Он сердито отвернулся. Да, в последнее время он работал с китайцами. Они неплохо устроились, перехватывали все объемы в округе и вызывали его для работ, требующих ответственности и добросовестности. Вместе с мастером Ченем он делал для них все разметки, облицовку фасадов делал тоже он. Китайцы платили ему за это гораздо больше, чем остальным, объяснив, что ответственность стоит дорого. В результате он стал получать гораздо больше, а уставать меньше. Облицовка – это все же не бетон. Кирпич два килограмма, а не четыре и не тридцать, как блоки, работай да похохатывай. Если б еще работалось. А китайцы не понимают, чем он недоволен. Он решил, что проще расстаться, чем объяснить.
– Я – рабочий! – зло сказал он. – Деньги руками зарабатываю, спиной своей, у других не отбираю! А вы живите как хотите!

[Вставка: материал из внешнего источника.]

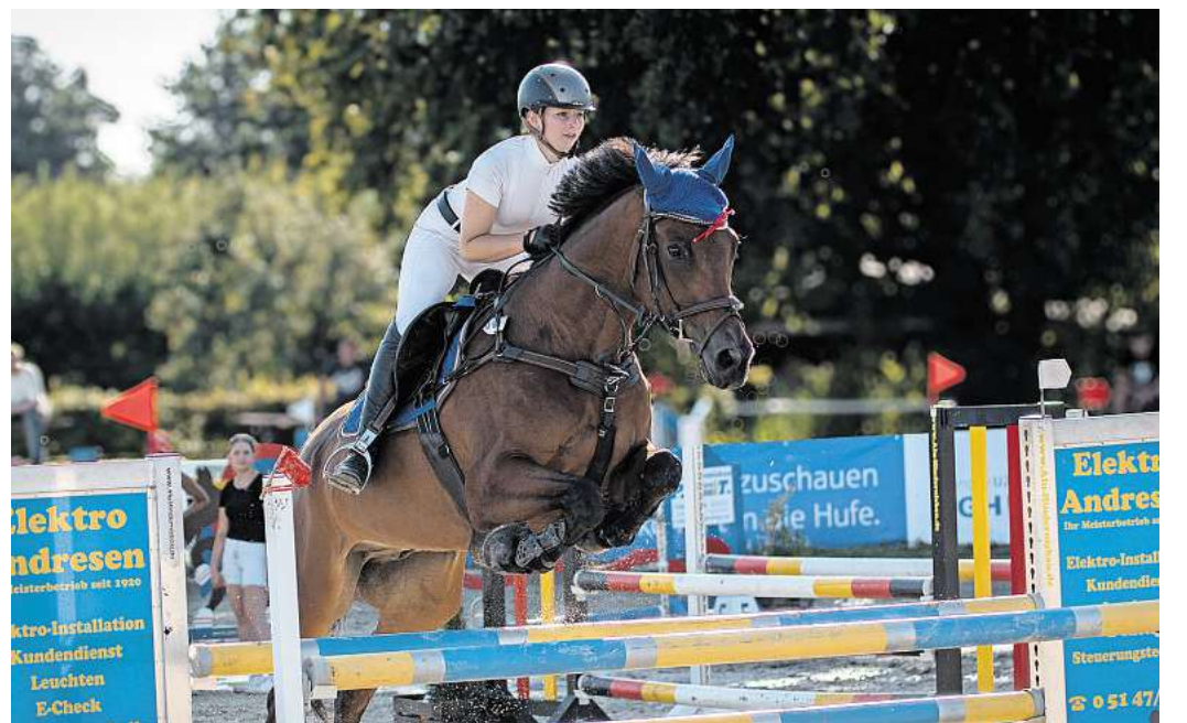
Der Reit- und Fahrverein Hänigsen richtet wieder ein Turnier aus.

HÄNIGSEN (r/fh). Der Reit- und Fahrverein Hänigsen und Umgegend lädt zu seinem diesjährigen Turnier ein. Es findet vom 22. bis 24. August auf der Vereinsanlage, Hoher Weg 12, statt. Auf dem Programm stehen drei Tage voller sportlicher Highlights, darunter Dressurprüfungen bis zur Klasse S* sowie Springprüfungen bis zur Klasse M*. Der Eintritt ist frei. Es stehen Getränke, Kuchen und herzhafte Speisen zum Verkauf bereit, auch zum Mitnehmen. Das große Zelt und zahlreiche Sitzmöglichkeiten direkt am Turnierplatz laden zum Zuschauen, Verweilen und Mitfeiern ein. Für Kinder und Junggebliebene wird ein Hobby-Horsing-Parcours aufgebaut. Außerdem findet am Samstagabend, 23. August, ab 21 Uhr ein Bullriding statt.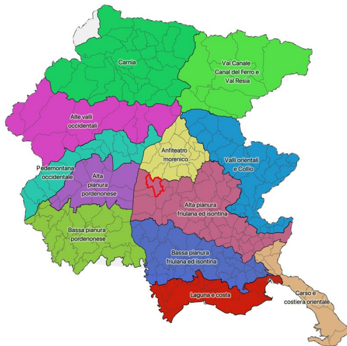
Figura 1-Ambiti di paesaggio e localizzazione del Comune di Coseano

Nella figura sottostante è apposto un perimetro rosso a individuare i limiti amministrativi del Comune di Coseano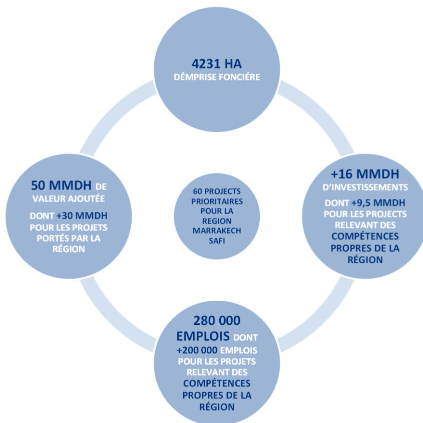
Graphique 3. Priorités du programme de développement régional de Marrakech-Safi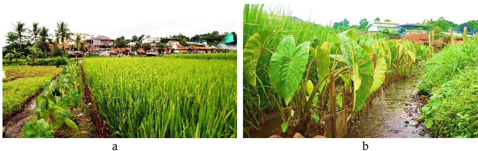
Gambar 7 a) Sistem budi daya polikultur padi-talas dan b) Sistem irigasi pada polikultur padi-talas

Selain dilakukan sistem tumpang sari dengan tanaman jagung, petani di RW 6 Kelurahan Bubulak juga menggabungkan pola tanam talas dengan komoditas utama padi. Pada sistem polikultur dengan padi, tanaman talas ditanam pada pematang sawah (tepi sawah) (Gambar 7a). Pada pola pertanaman ini pemeliharaan seperti pemupukan, pembumbunan, dan irigasi memiliki sistem yang berbeda. Tanah pada area pematang sawah tempat tumbuh talas harus selalu ditinggikan serta dibuat saluran irigasi pada samping dalam dan luar pematang sawah (Gambar 7b). Produksi yang dihasilkan rendah karena populasi tanaman talas untuk pematang sawah dalam satu hektar sedikit jumlahnya.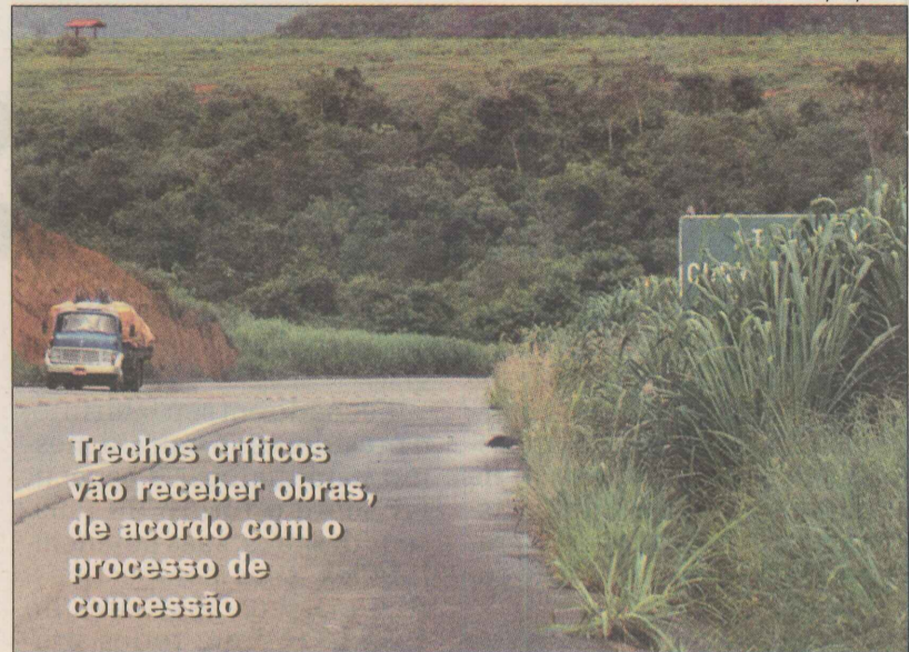
Trechos críticos vão receber obras, de acordo com o processo de concessão

O diretor do departamento ressaltou que o pagamento da tarifa, que está estimada em R$ 6, para carro passeio, começará a ser cobrada após o término das obras, previsto para fevereiro de 2006.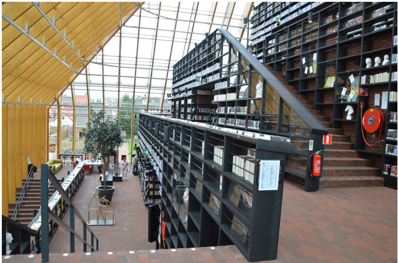
De Boekenberg. La strada interna si arrampica sui lati della piramide (in realtà una ziqqurat) con ampie scalinate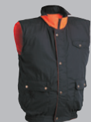
kamizelka obustronna reversible vest

dodatki odblaskowe reflective accessories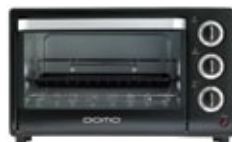
DV 3190 Toaster Oven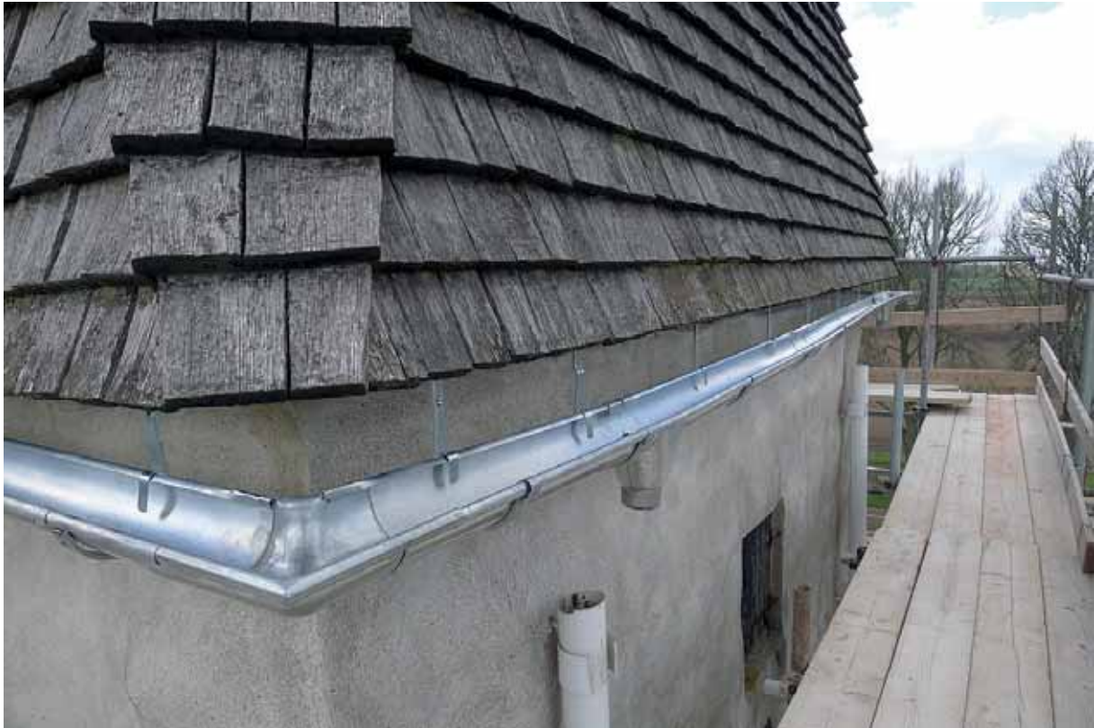
Nya hängrännor på tornet, allt tillverkat av zinkplåt. 6 maj 2015.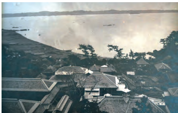
東京市養育院安房分院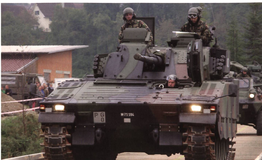
Pz Bat 29: Der Kommandopanzer 001 überquert eine Stahlbrücke. Das Bataillon gehört zur Stufe 2 und bleibt wie die Kompanien (Stufe 3) am FIS angeschlossen.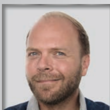
V. BPA Königsbrunn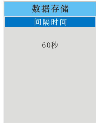
图-20 数据存储的间隔时间

最后还可选配温湿度功能，根据现场的温湿度，自动进行感应。另有延长式探杆可以提供，可延长 1 米探杆，上至屋顶、下至角落，自由伸缩，无所不能；可以说，深国安便携式汽油检测仪是当前国内行业中最先进、最智能的一款气体浓度检测报警产品。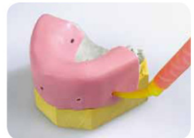
通过预先钻好的小孔向模板内注射Gi-mask牙龈复制硅橡胶。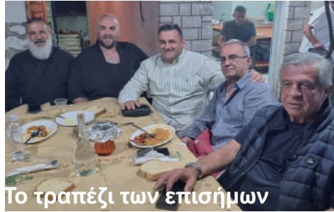
Το τραπέζι των επισήμων

ΣΑΒΒΑΤΟ 16 ΑΥΓΟΥΣΤΟΥ: Το πρωί τελέστηκε Θεία Λειτουργία και αρτοκλασία στον Άγιο Δημήτριο. Το βράδυ ήρθε η μεγάλη στιγμή: το πανηγύρι του χωριού. Σερβιρίστηκε παραδοσιακός κοφτός, ενώ ακολούθησε γλέντι με ζωντανή μουσική, τραγούδι και χορό μέχρι αργά.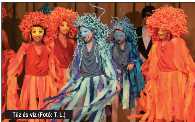
Tűz és víz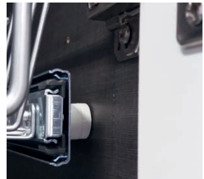
Montage mit Distanzhülsen für die Scharnierseite

↔ Bitte mind. 5 cm Abstand zur vorderen Schrankkante

– И мы не отбираем! – запротестовал здоровяк. – Каждый вечер платим, радуются ваши маскулины, еще хотят приходить поработать!
– А куда им деваться, если везде вы.
– Мы… – китаец беспомощно развел пальцами. – Мы ищем работу, да. Еще с хозяевами на дюньгу договариваемся. Мы следим, чтоб материалы разгружали быстро-быстро. Пить маскулинам не даем, а кто пьет, наказываем сильно-сильно. Воровать не позволяем еще. Убирать заставляем рабочие места, не убирают местные за собой, а надо, чтоб убирали, чтоб чисто было! Покушать маскулинам даже даем, много кушают местные маскулины, больше, чем работают! Вот сколько мы работаем! И за это берем дюньгу. А местные маскулины – они работать не хотят. Выходные, говорят маскулины. Еще говорят – вечер. Раннее утро, говорят тоже. Даже непонятно говорят, кзот говорят и еще что-то, только чтоб не работать. А надо работать!
– Зачем? – с горечью спросил он. – Зачем столько работать?! Чтоб удавиться вашими деньгами, что ли?!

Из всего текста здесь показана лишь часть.